> _Data excerpts_:
┄┄┄┄┄┄┄┄┄┄

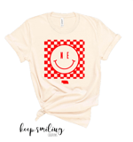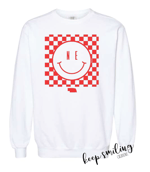 Smiley design available in t-shirts and crewnecks! Come in white or cream!
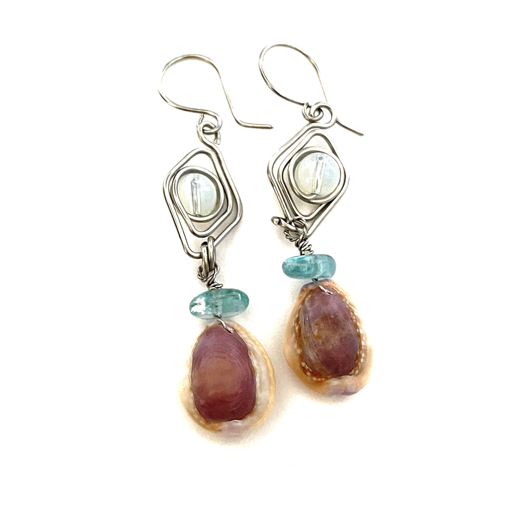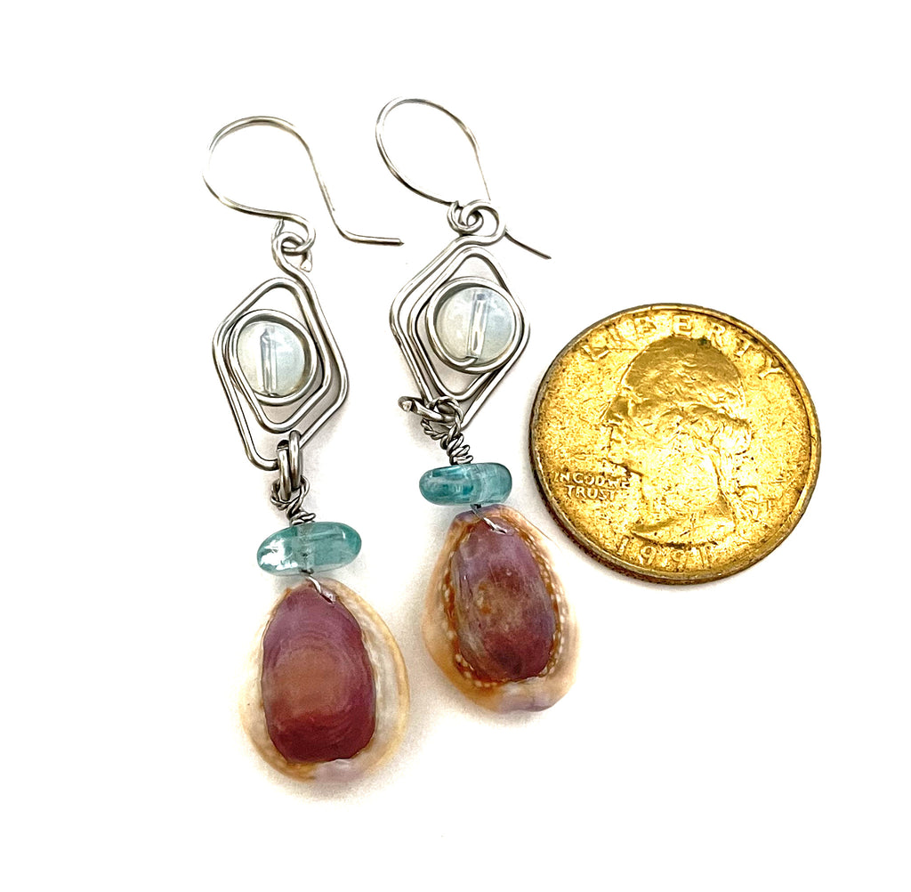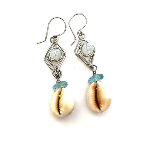 Hawaiian sea shells from Sunset beach with Aquamarin stone and moon stone in stainless steel. I have snorkeled to find the shells, I clean them, select and create these beautiful earrings.
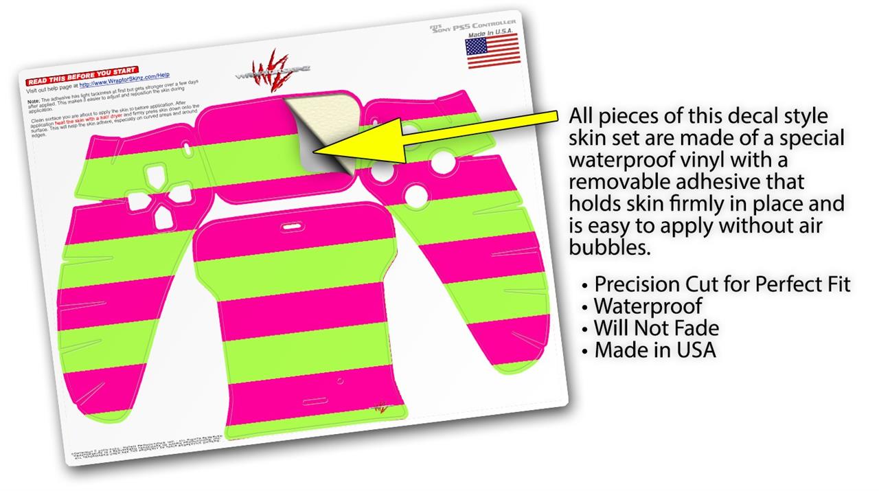 WraptorSkinz Skin Wrap compatible with the Sony PS5 DualSense Controller Psycho Stripes Neon Green and Hot Pink (CONTROLLER NOT INCLUDED)
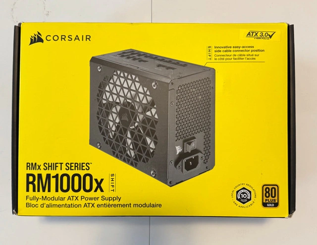 Corsair RM 1000x Shift 80+ Gold rated Power supply. Comes with all modular cables, in fully working order, not used for more than a month. Great power supply with lots of life left in it (rated for 10 years of use) and very efficient with 80+ Gold standard. Perfect for any high end gaming pc build, also support 12V high power connector. Public meetup/pickup preferred.
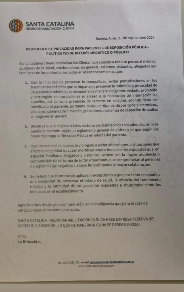 En horas de la tarde, su esposa Elba Marcovecchio compartió un documento con fecha de este 21 de septiembre, donde se detalla cuál es el "protocolo de privacidad" del centro médico en relación a los pacientes con exposicón o interés mediático, como es el caso del periodista.
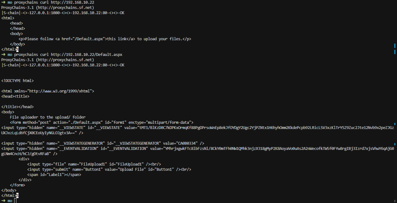 proxychains curl http://192.168.10.22/Default.aspx
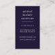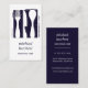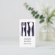 Faites la promotion de votre restaurant, boulangerie, restauration ou services de chef personnel avec ces élégants cartes de visite bleu marine et blanc. Doté d'une silhouette de couteau, d'une fourche et d'une cuillère en blanc sur un carré bleu foncé en détresse, avec deux lignes de texte personnalisé sous le lettrage classique. Ajoutez votre détail et contact au verso en blanc sur un arrière - plan bleu contrasté.

┄┄┄┄┄┄┄┄┄┄

Copy out the lines above unchanged. Skip the images.

> _Answer to the problem_:
 Smiley design available in t-shirts and crewnecks! Come in white or cream!
 Hawaiian sea shells from Sunset beach with Aquamarin stone and moon stone in stainless steel. I have snorkeled to find the shells, I clean them, select and create these beautiful earrings.
 WraptorSkinz Skin Wrap compatible with the Sony PS5 DualSense Controller Psycho Stripes Neon Green and Hot Pink (CONTROLLER NOT INCLUDED)
 Corsair RM 1000x Shift 80+ Gold rated Power supply. Comes with all modular cables, in fully working order, not used for more than a month. Great power supply with lots of life left in it (rated for 10 years of use) and very efficient with 80+ Gold standard. Perfect for any high end gaming pc build, also support 12V high power connector. Public meetup/pickup preferred.
 En horas de la tarde, su esposa Elba Marcovecchio compartió un documento con fecha de este 21 de septiembre, donde se detalla cuál es el "protocolo de privacidad" del centro médico en relación a los pacientes con exposicón o interés mediático, como es el caso del periodista.
 proxychains curl http://192.168.10.22/Default.aspx
 Faites la promotion de votre restaurant, boulangerie, restauration ou services de chef personnel avec ces élégants cartes de visite bleu marine et blanc. Doté d'une silhouette de couteau, d'une fourche et d'une cuillère en blanc sur un carré bleu foncé en détresse, avec deux lignes de texte personnalisé sous le lettrage classique. Ajoutez votre détail et contact au verso en blanc sur un arrière - plan bleu contrasté.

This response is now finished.